The table below presents single-threaded performance of XNNPACK library on three generations of MobileNet models and three generations of Pixel phones.

Model	Pixel, ms	Pixel 2, ms	Pixel 3a, ms
FP32 MobileNet v1 1.0X	82	86	88
FP32 MobileNet v2 1.0X	49	53	55
FP32 MobileNet v3 Large	39	42	44
FP32 MobileNet v3 Small	12	14	14

The following table presents multi-threaded (using as many threads as there are big cores) performance of XNNPACK library on three generations of MobileNet models and three generations of Pixel phones.

Model	Pixel, ms	Pixel 2, ms	Pixel 3a, ms
FP32 MobileNet v1 1.0X	43	27	46
FP32 MobileNet v2 1.0X	26	18	28
FP32 MobileNet v3 Large	22	16	24
FP32 MobileNet v3 Small	7	6	8

Benchmarked on March 27, 2020 with end2end_bench --benchmark_min_time=5 on an Android/ARM64 build with Android NDK r21 (bazel build -c opt --config android_arm64 :end2end_bench) and neural network models with randomized weights and inputs.

Raspberry Pi

The table below presents multi-threaded performance of XNNPACK library on three generations of MobileNet models and three generations of Raspberry Pi boards.

Model	RPi Zero W (BCM2835), ms	RPi 2 (BCM2836), ms	RPi 3+ (BCM2837B0), ms	RPi 4 (BCM2711), ms	RPi 4 (BCM2711, ARM64), ms
FP32 MobileNet v1 1.0X	3919	302	114	72	77
FP32 MobileNet v2 1.0X	1987	191	79	41	46
FP32 MobileNet v3 Large	1658	161	67	38	40
FP32 MobileNet v3 Small	474	50	22	13	15
INT8 MobileNet v1 1.0X	2589	128	46	29	24
INT8 MobileNet v2 1.0X	1495	82	30	20	17

Benchmarked on Feb 8, 2022 with end2end-bench --benchmark_min_time=5 on a Raspbian Buster build with CMake (./scripts/build-local.sh) and neural network models with randomized weights and inputs.
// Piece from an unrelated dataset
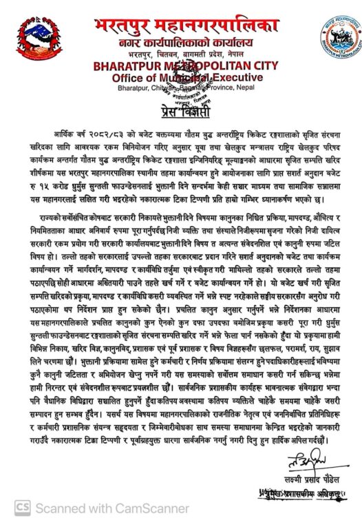 काठमाडौं, ५ मंसिर । चितवनको भरतपुर महानगरपालिकाले प्रचलित कानुनको कुनै ऐनको कुन दफा, उपदफाबमोजिम कानूनी प्रक्रिया पूरा गरी धुर्मुस सुन्तली फाउन्डेसनबाट रङ्गशालाको सृजित संरचना सम्पत्ति खरिद गर्ने भन्ने फेला पार्न नसकिएको बताएका छ । महानगरले आज आज एक विज्ञप्ति जारी गर्दैै प्रकृयाका सन्दर्भमा विभिन्न निकाय, खरिद विज्ञ, कानुनविद्, प्रशासक एवं पूर्व प्रशासक र विषय विज्ञहरूसँग छलफल, परामर्श, राय, सुझाव लिने चरणमा रहेको बताएको छ ।

INT8 inference was evaluated on per-channel quantization schema.

Minimum build requirements

C11
C++17
Python 3

Publications

Marat Dukhan “The Indirect Convolution Algorithm”. Presented on Efficient Deep Learning for Compute Vision (ECV) 2019 workshop (slides, paper on ArXiv).
Erich Elsen, Marat Dukhan, Trevor Gale, Karen Simonyan “Fast Sparse ConvNets”. Paper on ArXiv, pre-trained sparse models.
Marat Dukhan, Artsiom Ablavatski “The Two-Pass Softmax Algorithm”. Paper on ArXiv.
Yury Pisarchyk, Juhyun Lee “Efficient Memory Management for Deep Neural Net Inference”. Paper on ArXiv.

Ecosystem

Machine Learning Frameworks

Acknowledgements

XNNPACK is based on QNNPACK library. Over time its codebase diverged a lot, and XNNPACK API is no longer compatible with QNNPACK.